九州電力玄海原発3、4号機(東松浦郡玄海町)の再稼働差し止めを求める仮処分を佐賀地裁に申し立てている佐賀など九州・山口県の住民らの弁護団が、仮処分の審理再開を求める上申書を地裁に提出した。9日付。審理が終結した昨年9月以降、阿蘇カルデラ噴火の危険性を重視した広島高裁仮処分決定や、神戸製鋼所の製品データ改ざん問題など、審理すべき新事実が生じたと主張し、地裁が認めるかどうか判断する。

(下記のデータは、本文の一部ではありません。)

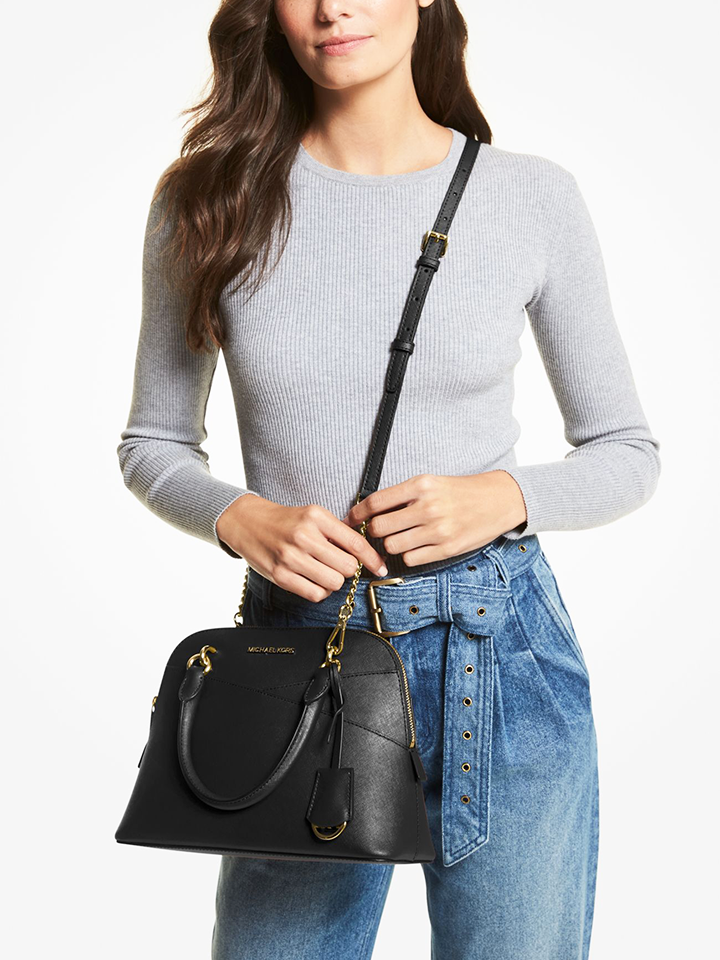 Michael Kors Jet Set Travel Medium Saffiano Leather Dome Satchel Black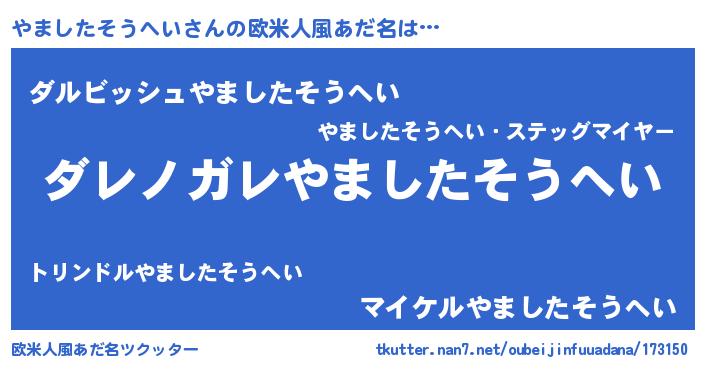 | 男性向けラノベタイトル風あだ名 | 『この素晴らしい世界にやましたそうへいを!』 |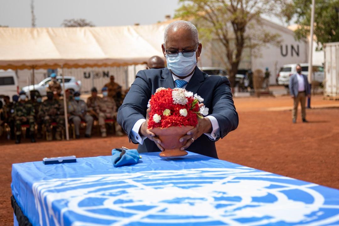 « Je voudrais réitérer nos vœux de plein rétablissement aux quatre Casques bleus qui ont été blessés lors de cette attaque, ainsi qu'aux trois casques bleus blessés lors de l'attaque qui a tué le capitaine ABDELGAWAD, » a déclaré le Chef de la MINUSMA, El-Ghassim WANE, après avoir présenté ses condoléances et celles des Nations Unies aux autorités et au peuple égyptien ainsi qu’à la famille du disparu. À la suite du Général NDIAYE, lui aussi n’a pas manqué de rappeler qu’il y a une semaine, un autre hommage a été rendu à deux autres Casques bleus égyptiens, tombés au champ d’honneur pour la paix au Mali. « Depuis le début de cette année, les Casques bleus de la MINUSMA ont subi de nombreuses attaques. Nous avons perdu trois hommes et onze autres ont été blessés, a-t-il aussi souligné avant de rappeler qu’« en 2021, nous avons perdu 19 casques bleus et 150 autres ont été blessés ». « Je voudrais dire ici que chaque jour, aujourd’hui comme hier, hier comme avant-hier, depuis le déploiement de la Mission, nos personnels en uniforme continuent à remplir les obligations qui sont les leurs avec dévouement et courage. Au moment où je vous parle, des centaines, des milliers entre eux sont en train de mener des patrouilles, des opérations de protection des civils et facilitent d’autres activités de la Mission à différents endroits du Mali - à Tessalit, à Aguelhok, à Kidal, dans la région de Kidal, mais également à Tombouctou, Tombouctou ville, à Goundam, ou à Ber, où j’étais il y a trois semaines » a ajouté El-Ghassim WANE.

 9日に提出した追加書面で論点を主張した。阿蘇カルデラの危険性では、原子力規制委員会が原発の立地評価などを定めた「火山影響評価ガイド」に言及。阿蘇カルデラから約130キロ離れた四国電力伊方原発3号機(愛媛県)の運転差し止めを命じた広島高裁決定を引き合いに「破局的噴火を起こす可能性は否定できず、ガイドに沿って忠実に検討すれば玄海原発の立地は不適当」としている。

 データ改ざん問題では、神戸製鋼所などの製品が用いられている3、4号機の部位や調査内容の詳細を明らかにするよう求めた。

 住民らは「原発なくそう!九州玄海訴訟」(長谷川照原告団長)に加わっている。